分割民営化後、JR貨物バブル経済によるトラック輸送の逼迫に応えるとともに、新たな顧客を開拓するため様々な輸送方式に対応した貨車の開発を盛んに進めていた。しかし、技術的な要因と法的な規制、さらにバブル経済の崩壊などによってそれらも実用化にこぎ着けたものは少なく、実用化されてもその運用は短期間で終わってしまった。(パブリックドメイン

 

 しかし、バブル経済の崩壊によって我が国の経済は長い不景気にさらされることになり、それとともに国内の貨物輸送量が激減した結果、トラックドライバーの不足は解消し、鉄道の貨物輸送も落ち着いたどころか輸送量が漸次減少していくことになりました。

 加えて、荷主や物流業界がモーダルシフトに対して、消極的な姿勢であったことも挙げられます。国鉄時代に頻発したストなどによって、荷主の鉄道貨物に対する不信感が拭えきれてなく、いくら新会社になったとアピールしても、結局は看板をかけかえただけではないかと考えられていたからだと推測できます。実際、筆者が鉄道職員になりたての頃、研修の一環で荷主のものとへと行ってみると、鉄道職員がそうしたことをするのが珍しかったようで、「国鉄からJRになって、変わったもんだな」と良くも悪くも感心されたものでした。
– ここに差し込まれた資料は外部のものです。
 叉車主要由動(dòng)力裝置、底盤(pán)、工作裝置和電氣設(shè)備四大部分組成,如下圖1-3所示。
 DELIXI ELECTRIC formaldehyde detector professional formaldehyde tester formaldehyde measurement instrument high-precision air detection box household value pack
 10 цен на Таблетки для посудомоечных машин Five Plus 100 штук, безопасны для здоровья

この言葉から、国鉄時代はいかに営業職員が、荷主のもとへと顔を出さない「殿様商売」に甘んじていたのかが想像できますが、一方ではいまだ鉄道貨物が信頼されきっていないことの表れだったともいえます。

 また、研修期間中に顧客との間をつなぐ通運事業者の講話を聞く機会がありましたが、そこでも講師の方はボロクソに言ったもので、「国鉄は荷主を大事にしなかった、だから衰退したんだ。あんたたちは荷主や我々通運がなければ、商売は成り立たない」と、社会に出たばかりの若い職員に対して、もっともだけど厳しい物言いに、とんでもないところに入ってしまったものだと思ったものです。ですが、これが荷主や通運事業者の鉄道貨物に、そして国鉄JR貨物に対する正直な考えだとすれば、長年に渡って蓄積された不信感は、数年で解消するなどということはなかったといえるでしょう。
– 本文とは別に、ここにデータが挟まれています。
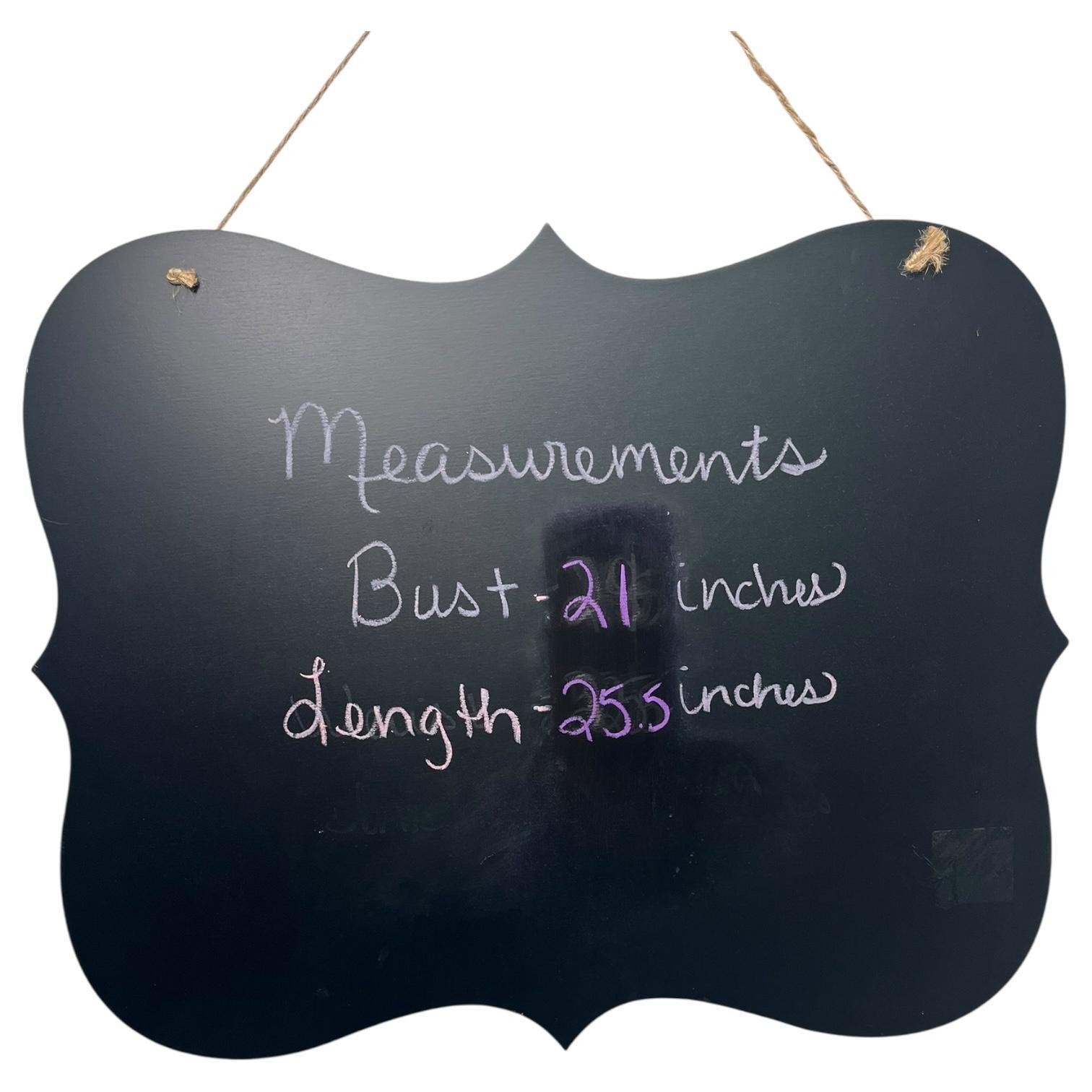 Measurements from photos: Bust 21 inches; Length 25.5 inches

 さらに、トラックの利便性は荷主にとって、これ以上ない都合のいい輸送手段だったといえます。荷主が都合のよい時間と貨物の引き渡し場所を指定すれば、輸送業者はその注文に応じて配車してくれます。それがたとえ深夜や早朝であっても、荷主は自らの都合で注文をすればよいのです。輸送業者はそれがドライバーの負担になっていることを承知していても、荷主の注文に応じていました。このことが、荷主にとって非常に便利である一方、鉄道輸送では列車の運行ダイヤに合わせなければならなかったり、貨物の積載を希望する列車のコンテナの積載枠が埋まってしまうと、計画どおりに輸送することが難しくなってしまうので、利便性の面ではトラックに対して不便な面があるのでした。

 これらのことが背景になり、政府と運輸省、後に国土交通省が唱え続けたモーダルシフトは遅々として進まず、国内の物流におけるシェアは低いままだったのです。しかし、前述のように、2024年から施行されるドライバーの残業上限規制などによって、物流のトラック輸送からのモーダルシフトがこれまで以上に推進されることになったのです。